A Numerical Study of the Formation and the Dissipation of Radiation Fogs

Abstract

The evolution of radiation fog has been investigated by numerical simulations. A onedimensional boundary layer model was adopted for the atmosphere. No moisture transport in the soil layer was assumed; the dew and falling droplets are assumed to be stored at the ground surface. The P3-approximation method was employed to incorporate the effect of radiative transfer into the boundary layer model.
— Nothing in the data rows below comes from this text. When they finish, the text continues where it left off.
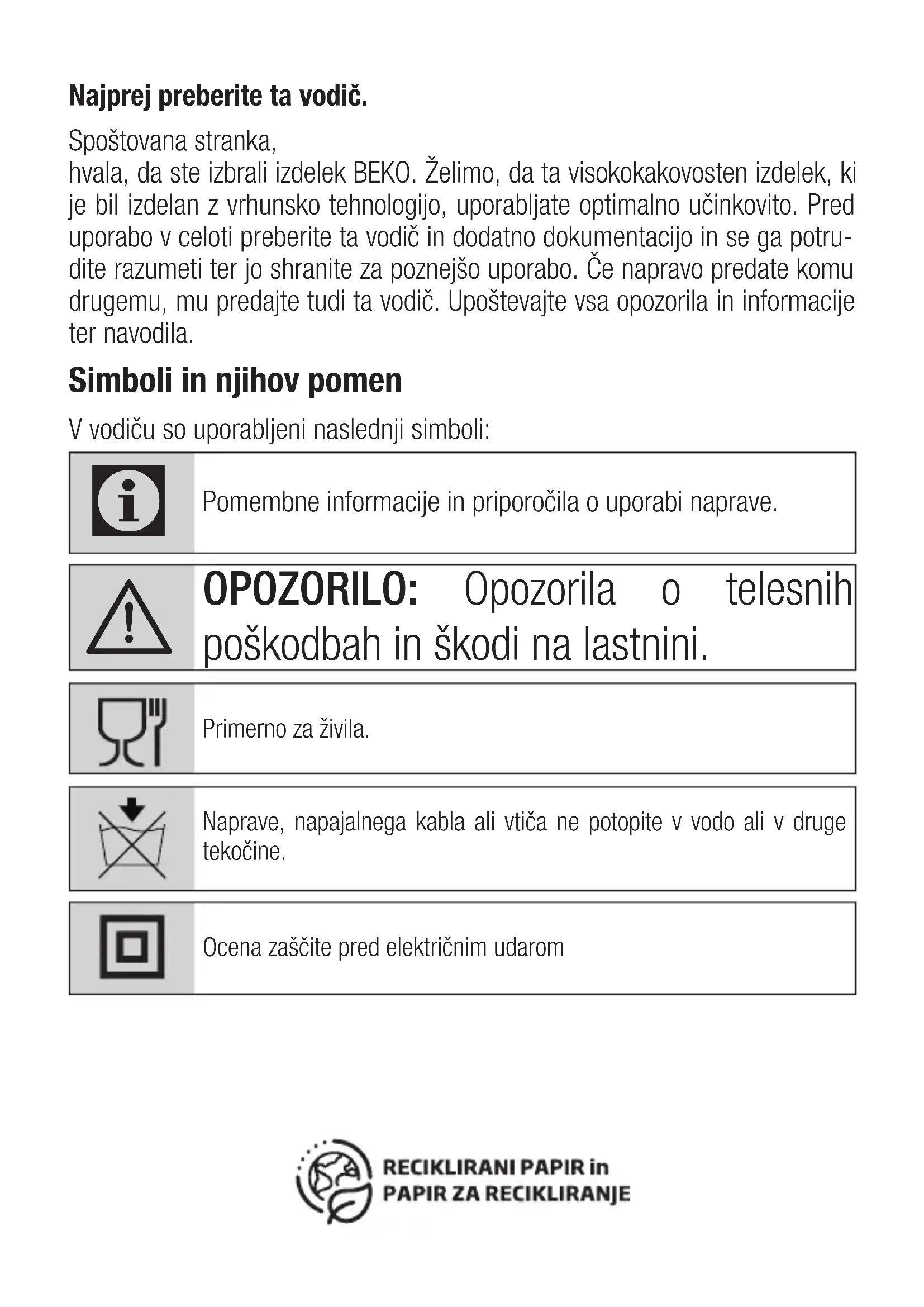 OPOZORILO: Opozorila o telesnih poškodbah in škodi na lastnini. Primerno za živila.Naprave, napajalnega kabla ali vtiča ne potopite v vodo ali v druge tekočine.Ocena zaščite pred električnim udarom88 / SL Ročni mešalnik / Uporabniški priročnik 1 Pomembna varnostna in okoljska navodila To poglavje vsebuje varnostna navodila za preprečevanje nevarnosti, ki lahko povzročijo telesne poškodbe ali materialno škodo. Kakršnakoli garancija preneha veljati, če se ne upoštevate teh navodil.
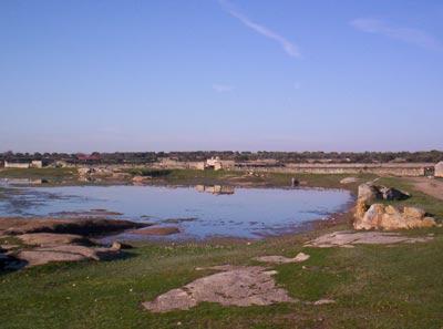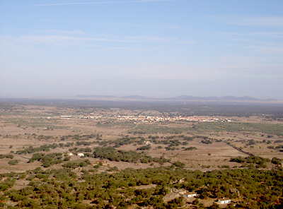 La dehesa se extiende sobre las tierras de Albalá, formando un paisaje rodeado de encinas, alcornoques, jaras y matorrales.
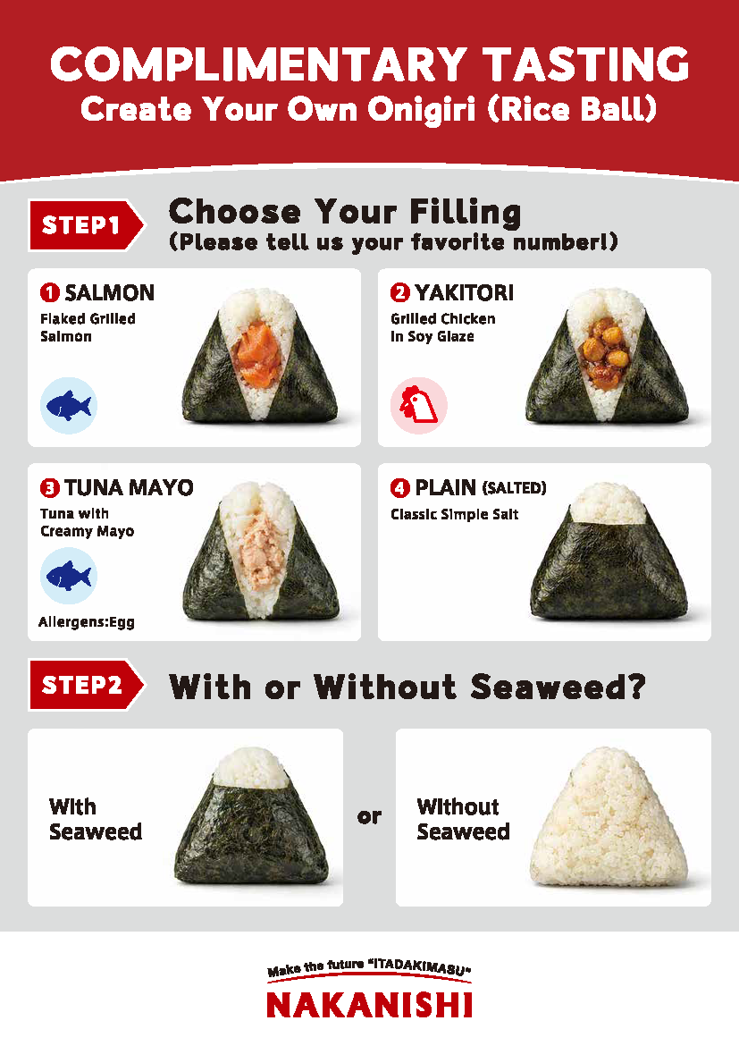 試食: IH立体炊飯機×過熱水蒸気で焼き上げた具材による「できたておにぎり」体験。好みのネタを選び、調理したての味を試食可能。
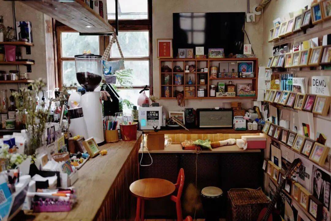 我最喜欢三楼,是咖啡+酒结合的小空间,还有设计摄影作品展示,墙上贴满了各种可爱的小画,细节做得很用心。
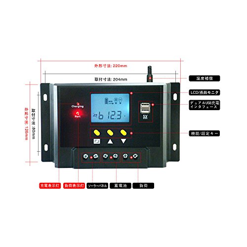 商品仕様: カラー:ブラック サイズ: 22 x 12.6 x 4.6 cm パッケージ重量:1000g PVのシステム電圧:48V 交換電池:鉛蓄電池 充電方法:3-state- PWMチャージ USB充電ポート:5V 1A
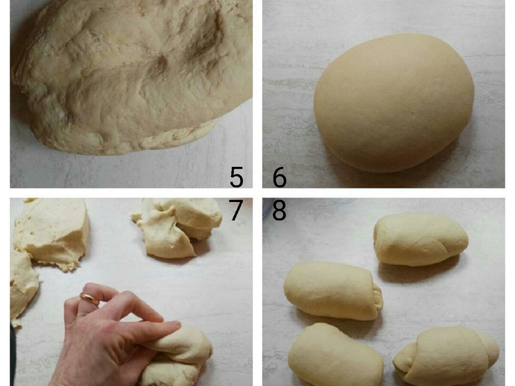 Une fois la pâte obtenue, divisez-la : j’ai fait 5 petits pains de 250 g et avec le reste j’ai fait un pain plus grand. Essayez de travailler les morceaux pour obtenir des cylindres.
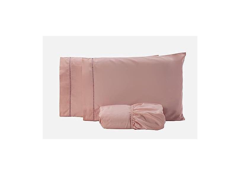 Lençol Casal 3 pçs 200 fios 100% algodão fronha ponto palito Salmão
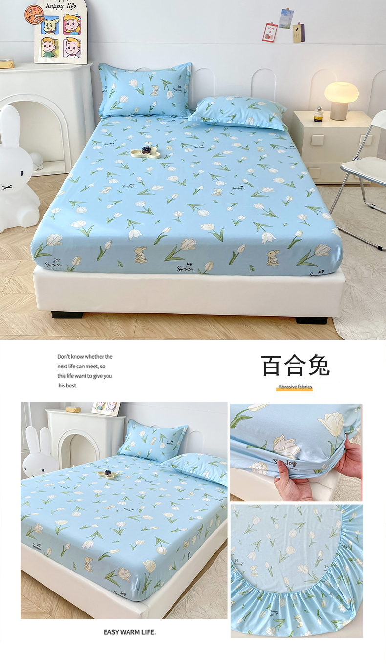 商品名称:帛织澜家纺 2026新款喷气12868系列纯棉印花单床笠 百合兔

With the development of radiation fog, the radiative cooling rate increases greatly and temperature decreases rapidly just below the fog top. This effect accelerates the condensation of water vapor near the fog top and, consequently, increases the height and liquid water content of the fog. The sudden increase of downward radiative flux from the fog layer enhances the rise of surface temperature, and the temperature profile in the fog layer turns from stable into unstable. With the increase of instability of temperature stratification in the fog layer, eddy diffusivities also increase rapidly. This effect enhances the transport of water vapor from the surface to the fog layer, and the development of the fog is again accelerated. In contrast to that within the fog layer, the temperature profile above the fog layer remains stable; consequently a sharp temperature inversion appears near the fog top. The height of this inversion rises gradually as the height of the fog top increases. When the moisture stored on the ground surface is exhausted and the transport of water vapor from the surface to the fog layer vanishes, the surface temperature rises suddenly and fog begins to disappear from the lowest layer near the ground.